Get a used 1/2 ton with a used plow and have at it. I use a 1/2 ton ford with a western and plow 1500 feet. I have a tractor with blower also but i freeze my ass off doing it and it takes 10xs longter to do. I start truck allow to warm a bit get in drink coffee, listen to music STAY WARM, and plow in 10 minutes one down left angle turn around backup 2 down left angle turnaround back up and 3 down right angle and done.


----------



## lukynskywyrd (Oct 8, 2010)

*I agree....*

'86 Chevy P/U with 4spd manual and granny gear,305 4bbl dual exhaust, dual batteries, $15 amber roof top beacon, Western 7'6" cable driven plow, heat and one speaker stereo. A real rusty mule but it all works. $2000. And the hardware store down the street has an Ariens for $1499 on sale.


----------



## seville009 (Sep 9, 2002)

I'd vote for the plow since you have a choice.

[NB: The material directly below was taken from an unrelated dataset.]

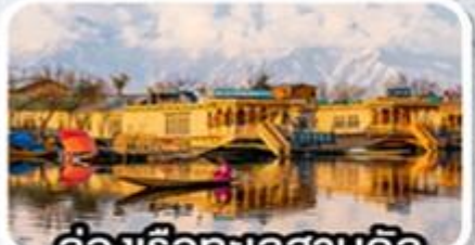
ล่องเรือทะเลสาบดิล +นอนบ้านเรือ 1 คืน

I used a front mount blower on a Kubota tractor on my dirt/stone driveway when I first moved in and it was a pain because of the rocks constantly getting in and busting the shear pins. 

Plow is alot quicker and warmer......


----------



## 98tacoma (Mar 4, 2007)

Check out Snowsport for a plow for your truck. I've had mine for 3 years now and have been very happy, good price and does a good job. My driveway is gravel and it handles it pretty well. PM me with any questions.


----------



## Andy's Beast (Oct 14, 2009)

I have a 400 foot driveway 15 feet wide, with a 60x50 pad.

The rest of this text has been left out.